Heptagon Functions and Seven-Gluon Amplitudes in Multi-Regge Kinematics

TL;DR

This paper computes all two-to-five gluon scattering amplitudes in planar N=4 super-Yang-Mills theory within multi-Regge kinematics, providing four-loop results expressed in single-valued multiple polylogarithms, and validating the bootstrap approach against the all-orders multi-Regge conjecture.

Contribution

It presents the first complete four-loop computation of two-to-five gluon amplitudes in multi-Regge kinematics, connecting bootstrap results with the all-orders multi-Regge framework.

Findings

Results agree with the conjectured all-order central emission vertex.

Provides a resummation of Fourier-Mellin residues into single-valued polylogarithms.

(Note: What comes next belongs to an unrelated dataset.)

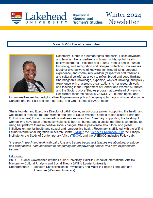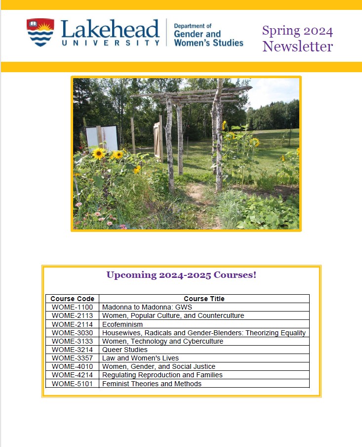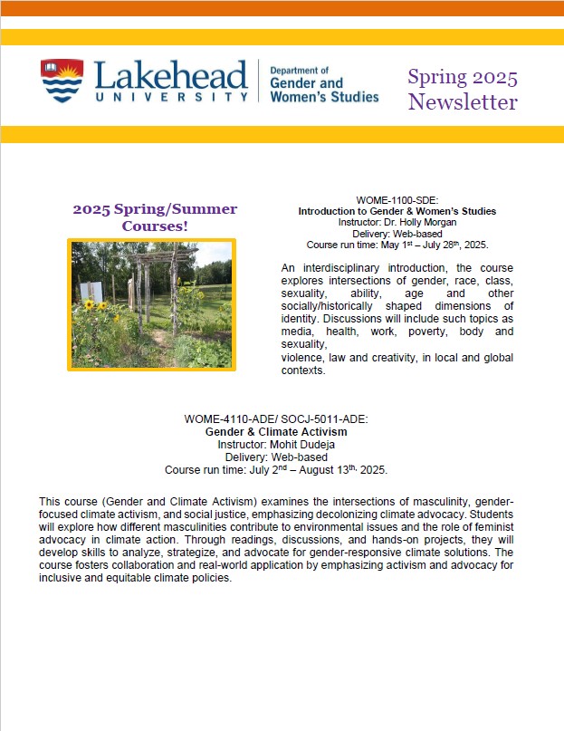 Gender and Women’s StudiesLakehead University955 Oliver RoadThunder Bay, Ontario, P7B 5E1CanadaVisiting AddressRyan Building, RB 3022Lakehead University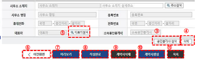 ③ 현재까지 작성한 계약내역을 임시저장 함

Cross-validates bootstrap approach with multi-Regge predictions.

Abstract

We compute all $2\to5$ gluon scattering amplitudes in planar $\mathcal{N}=4$ super-Yang-Mills theory in the multi-Regge limit that is sensitive to the non-trivial ("long") Regge cut. We provide the amplitudes through four loops and to all logarithmic accuracy at leading power, in terms of single-valued multiple polylogarithms of two variables. To obtain these results, we leverage the function-level results for the amplitudes in the Steinmann cluster bootstrap. To high powers in the series expansion in the two variables, our results agree with the recently conjectured all-order central emission vertex used in the Fourier-Mellin representation of amplitudes in multi-Regge kinematics. Our results therefore provide a resummation of the Fourier-Mellin residues into single-valued polylogarithms, and constitute an important cross-check between the bootstrap approach and the all-orders multi-Regge proposal.